Assigned task: Exact copy, no pictures: every line from the one that contains "[Color: Cobalt/Tan] A back" through the end of the data below, and nothing else.

[Collected data]
- - -

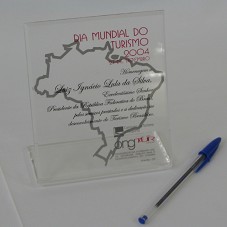 PLACA EM ACRÍLICO (13X15X6,5 CM),TRAZENDO O CONTORNO DO MAPA DO BRASIL E A INSCRIÇÃO 'DIA MUNDIAL DO TURISMO 2004 / 27 DE SETEMBRO / HOMENAGEM A LUIZ IGNÁCIO LULA DA SILVA, EXCELENTÍSSIMO SENHOR PRESIDENTE DA REPÚBLICA FEDERATIVA DO BRASIL, PELOS SERVIÇOS PRESTADOS E A DEDICAÇÃO AO DESENVOLVIMENTO DO TURISMO BRASILEIRO. / COMISSÃO DE TURISMO E DESPORTO / ONGTUR / .... / BRASÍLIA-DF'.
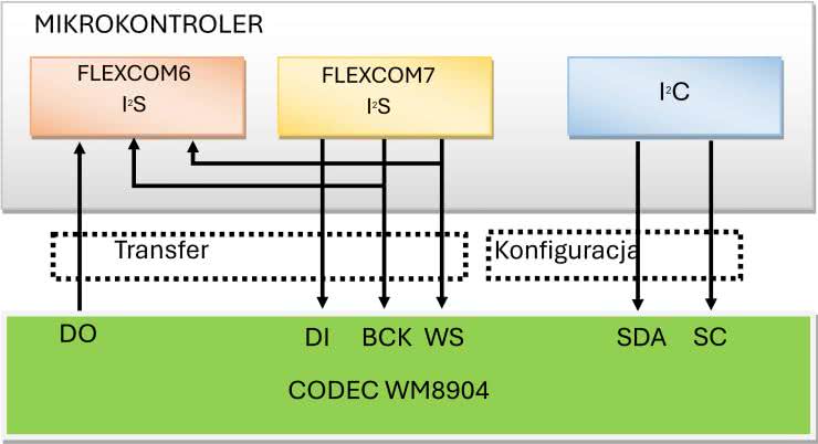 W skrócie opiszę jeszcze komunikowanie się procesora z CODEC. Konfiguracja procesora dźwiękowego odbywa się poprzez interfejs I²C, natomiast przesyłanie danych odbywa się w standardzie I²S. W mikrokontrolerze PLC55S28 każdy interfejs przesyłania danych realizuje się za pomocą odpowiednio skonfigurowanego uniwersalnego bloku WE.WY (FLEXCOM). Niestety, w tym rozwiązaniu nie można stworzyć pojedynczego interfejsu I²S zapisującego i odczytującego dane. Trzeba więc zastosować dwa bloki FLEXCOM (możliwości procesora umożliwiają połączenie dwóch takich bloków). W naszym przypadku do komunikacji w standardzie I²C stosujemy bloki FLEXCOM 6 i 7. Natomiast procedura przetwarzania dźwięku zapisana jest w procedurze obsługi przerwania kontrolera tych interfejsów. Schemat blokowy odzwierciedlający komunikację kodeka z mikrokontrolerem pokazany jest na rysunku 6.
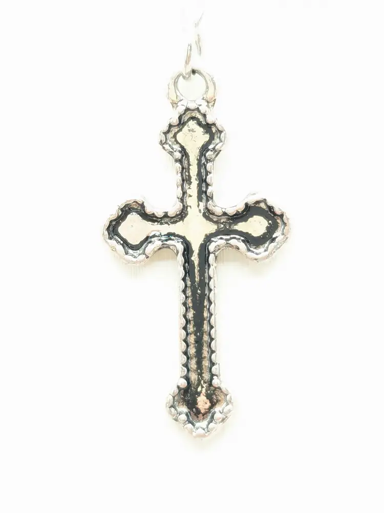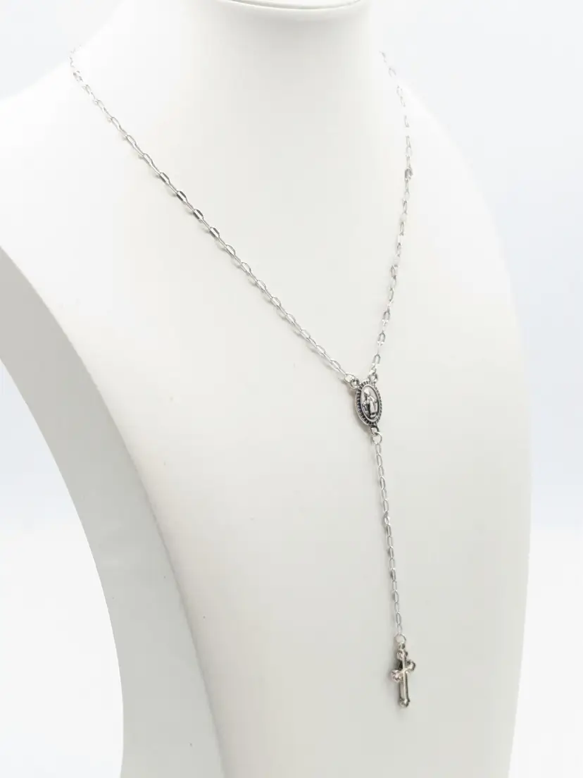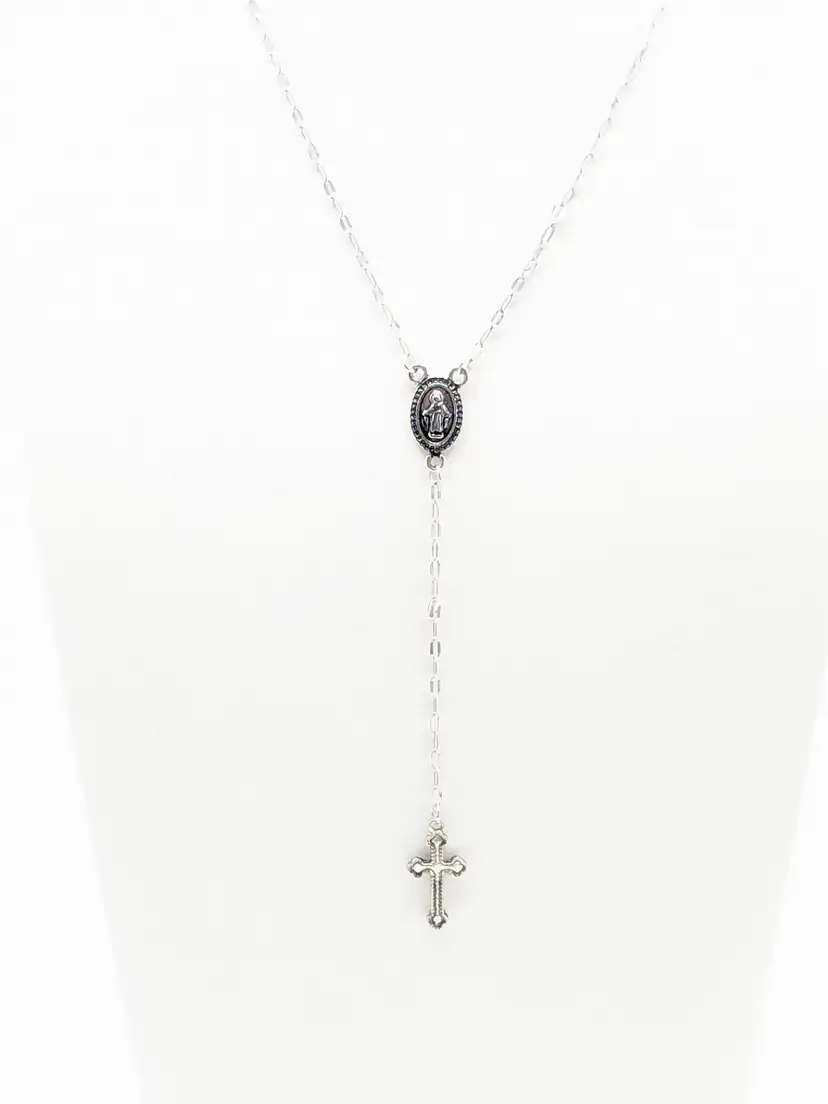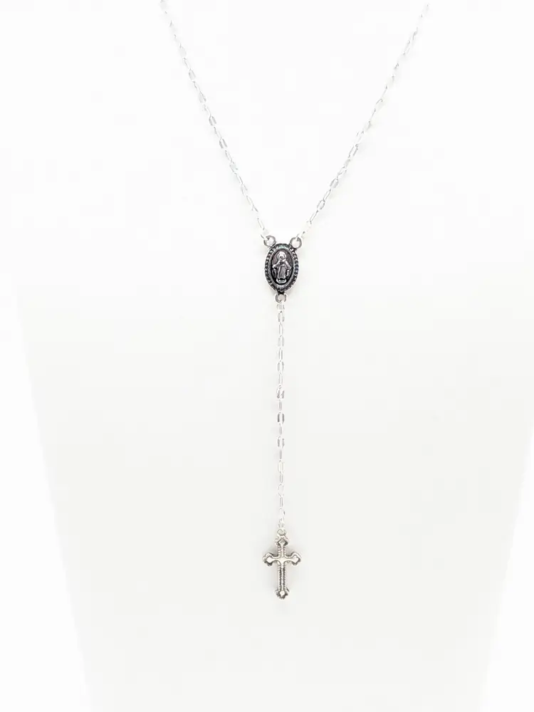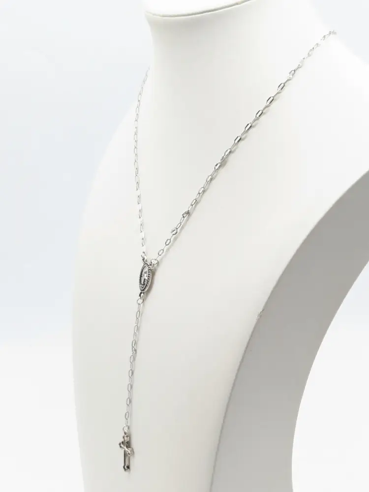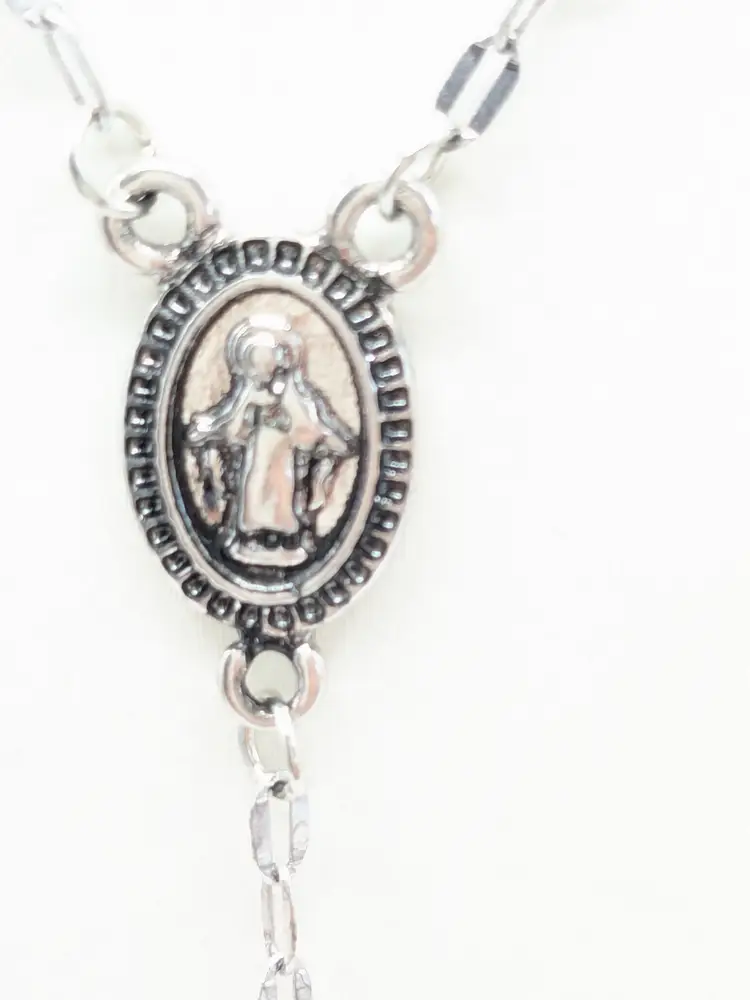 Good condition. Rosary/cross necklace. Measures 24" with a 3" extender. EN3
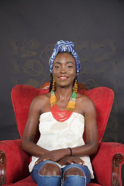 Jeune femme beauté africaine jolie sourire rouge a lèvre foulard boucles colliers afritude
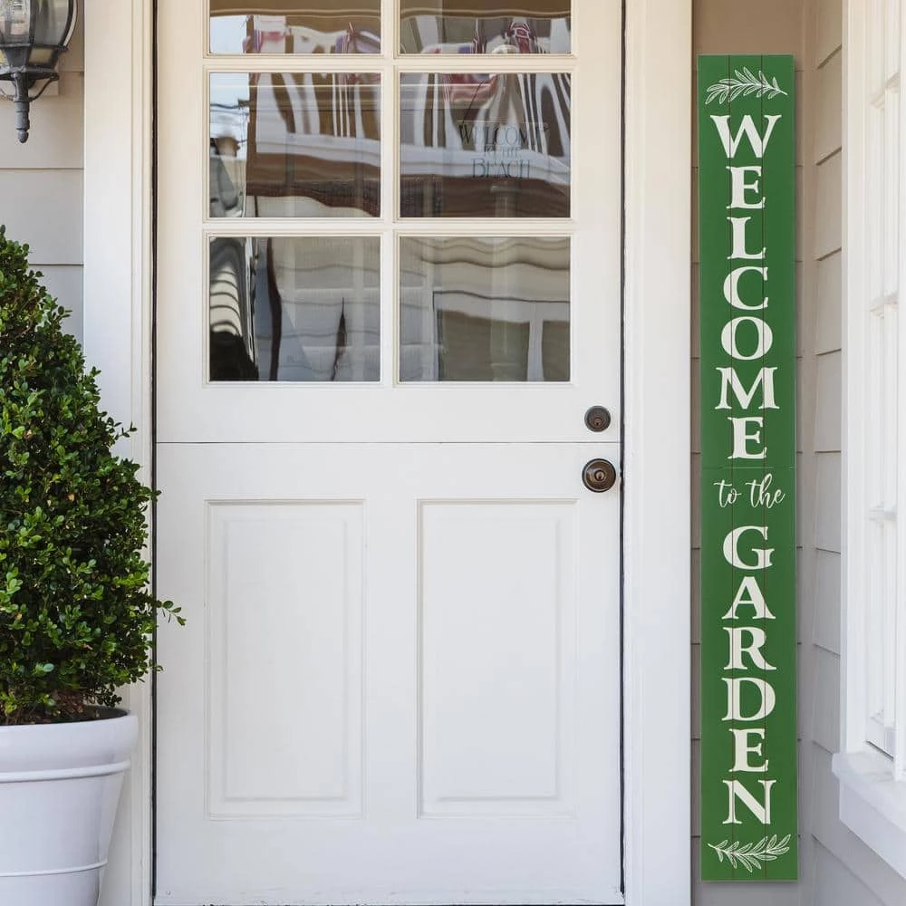 Enhancing your space with this oversized modern and stylish green porch sign. The simple green background perfect match with white text that looks very elegant and charming. This minimalist design and bright color create an eye-catching landscape, which will be a wonderful addition to your porch, garden, home or any living space.
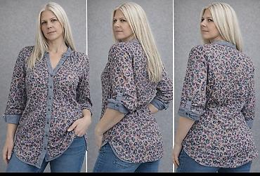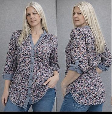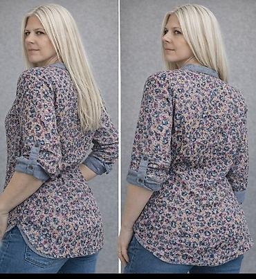 - Dizajn: sitan cvetni dezen u nijansama roze, ljubičaste i plave; kontrastni jednobojni detalji u sivo-plavoj boji (kragna, dugmad, unutrašnja manžetna i prednja lajsna)
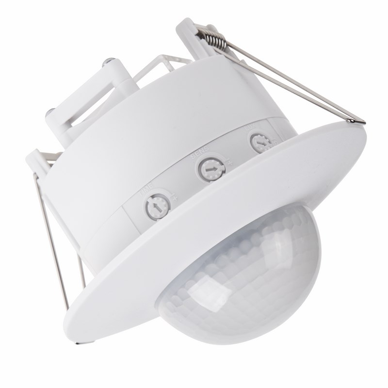Датчик движения - это электронное устройство, которое используют для автоматического включения и выключения освещения в помещении. Он оснащен тремя сенсорами, которые обеспечивают угол обзора в 360 градусов. Датчик предназначен для использования в помещенияx различного назначения, такиx как офисы, магазины, склады и т.д.Основными xарактеристиками датчика являются: номинальное напряжение 230 В/50 Гц, мощность 2000 Вт, номинальный ток 9 А, порог освещенности 3-2000 Лк. Устройство имеет высокую чувствительность и быстро реагирует на движение в зоне его действия.
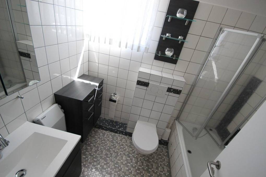Modernes Bad mit Badewanne incl. Duschwand, Waschbecken und WC.
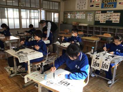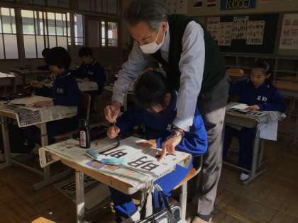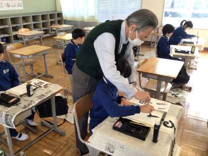 4年生も2回目のご指導です。かすれてしまったり、文字が大きすぎたりと苦戦中です。
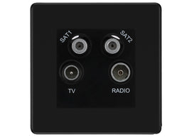 BG Screwless Matt Black TV/FM/2x SAT Quadplex Socket – Black Insert
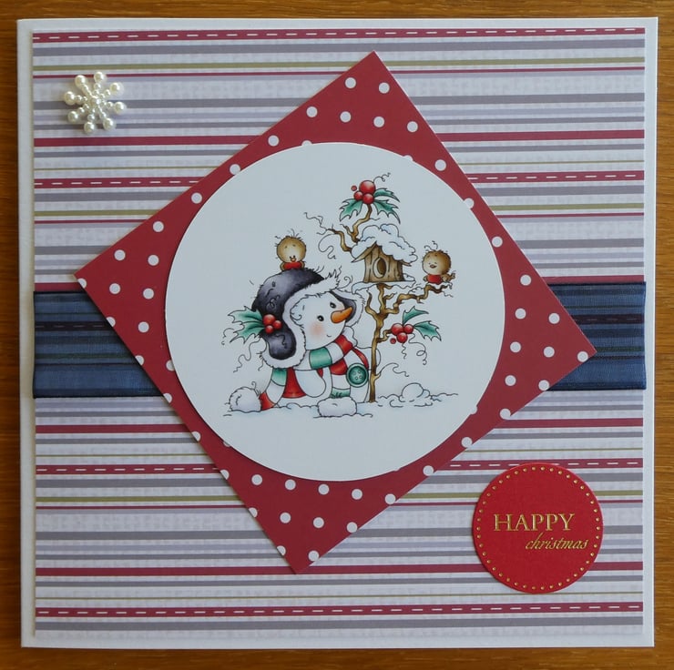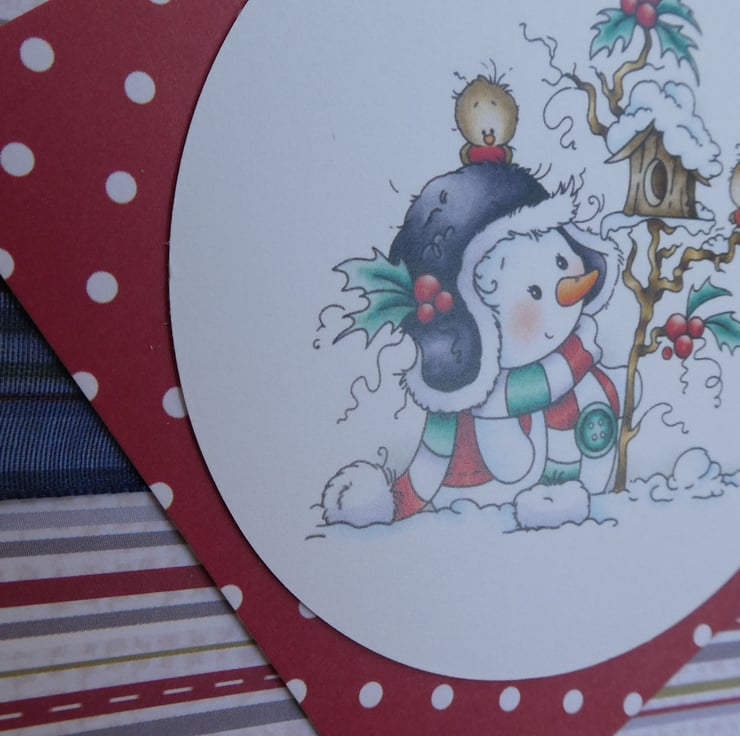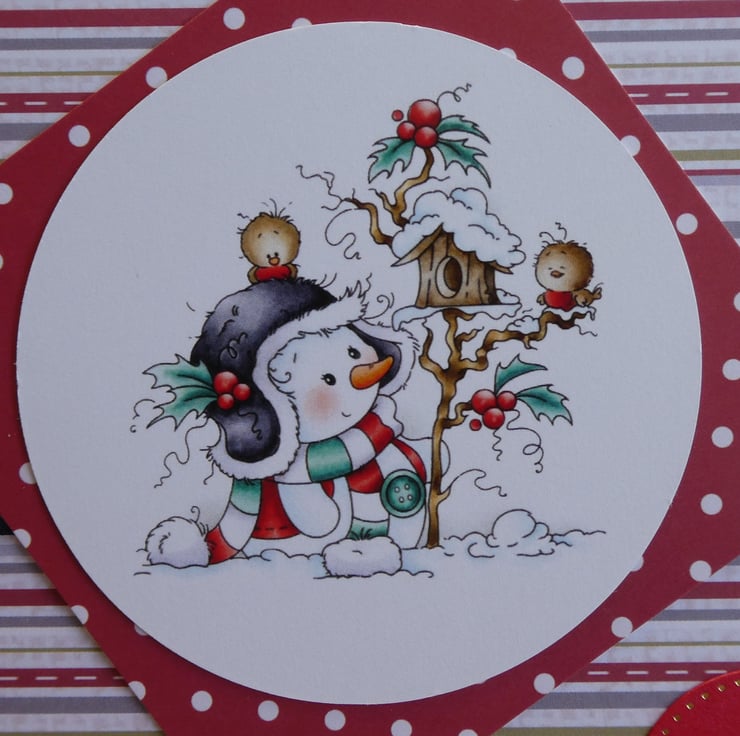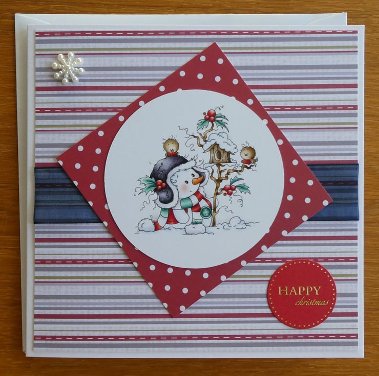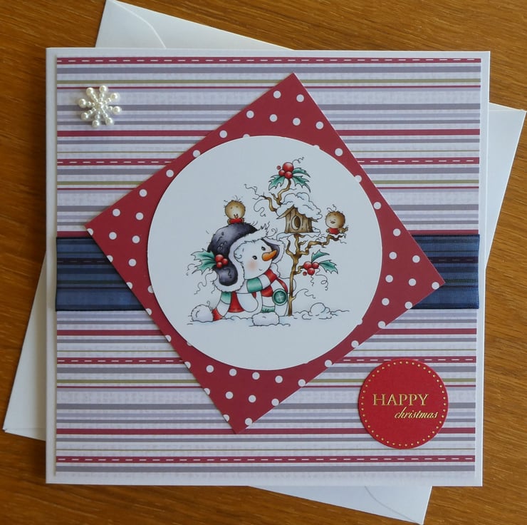 This sweet Christmas card, with the messages Happy Christmas and With Love, has a central printed topper showing a cute snowman wearing a red, white and green scarf and a black hat. The snowman is standing next to a bird house, with one robin sitting on a branch and one on the snowman's hat.
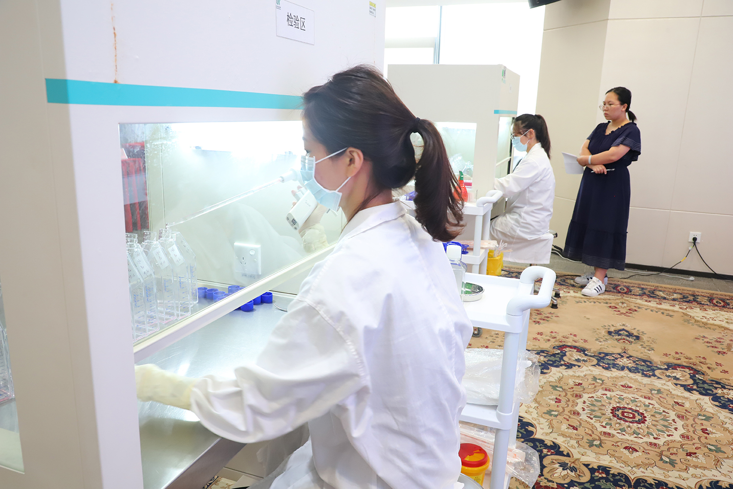 專業(yè)組的細(xì)胞制備工程師們以他們精湛的技能、熟練的操作以及對(duì)每一個(gè)步驟的嚴(yán)格要求贏得了在場(chǎng)同事的陣陣掌聲。而體驗(yàn)組的同事們帶著強(qiáng)烈的好奇心和認(rèn)真虛心的好學(xué)精神,體驗(yàn)了制備和檢測(cè)的操作流程和規(guī)范,那些看似簡(jiǎn)單的動(dòng)作,其實(shí)每一步都包含這非常嚴(yán)格的標(biāo)準(zhǔn)化、規(guī)范化要求,而每個(gè)小細(xì)節(jié)的規(guī)范化流程操作,既是對(duì)自己工作的負(fù)責(zé),更是對(duì)每一位北科生物客戶的負(fù)責(zé)。
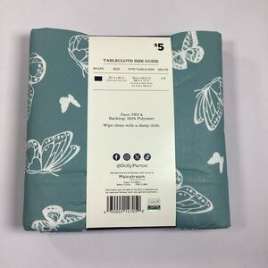 Dolly Parton PEVA Tablecloth Blue Butterfly New 60" x 84" Discontinued
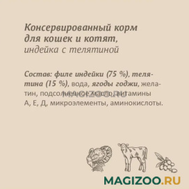 Полнорационный сбалансированный беззерновой влажный корм для кошек и котят с 3-х месяцев с индейкой и телятиной.
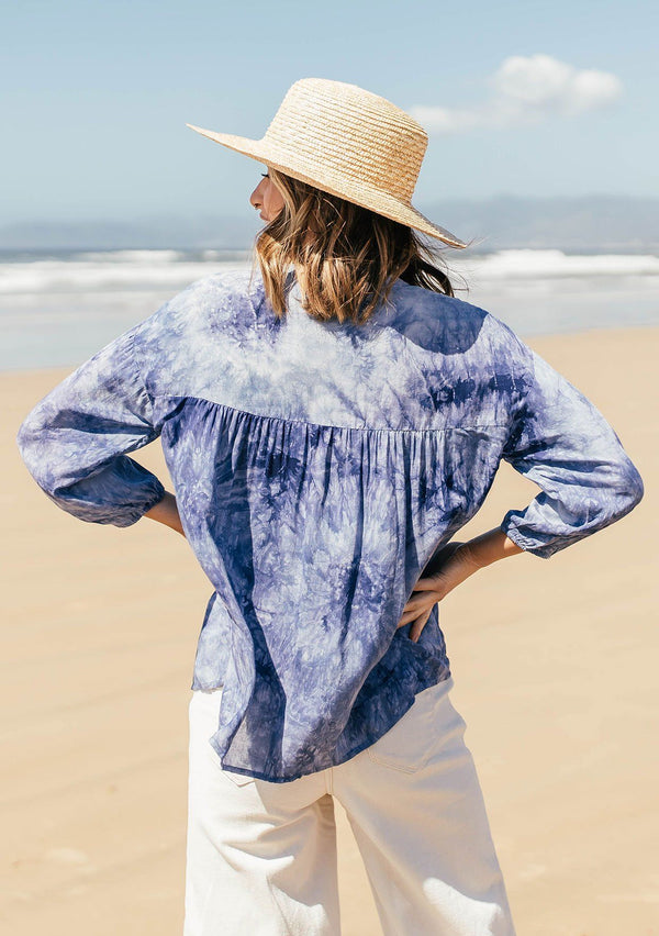 [Color: Cobalt/Tan] A back facing image of a brunette model wearing a navy blue and tan butterfly wing print top with three quarter length voluminous sleeves and a tie front detail. [Color: Cobalt/Tan] A front facing image of a brunette model wearing a navy blue and tan butterfly wing print top with three quarter length voluminous sleeves and a tie front detail.
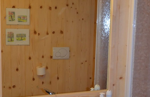 A small and delightful mountain cabin consisting of a careful and practical kitchen, a large bathroom with

- - -

Worked solution:
 [Color: Cobalt/Tan] A back facing image of a brunette model wearing a navy blue and tan butterfly wing print top with three quarter length voluminous sleeves and a tie front detail. [Color: Cobalt/Tan] A front facing image of a brunette model wearing a navy blue and tan butterfly wing print top with three quarter length voluminous sleeves and a tie front detail.
 A small and delightful mountain cabin consisting of a careful and practical kitchen, a large bathroom with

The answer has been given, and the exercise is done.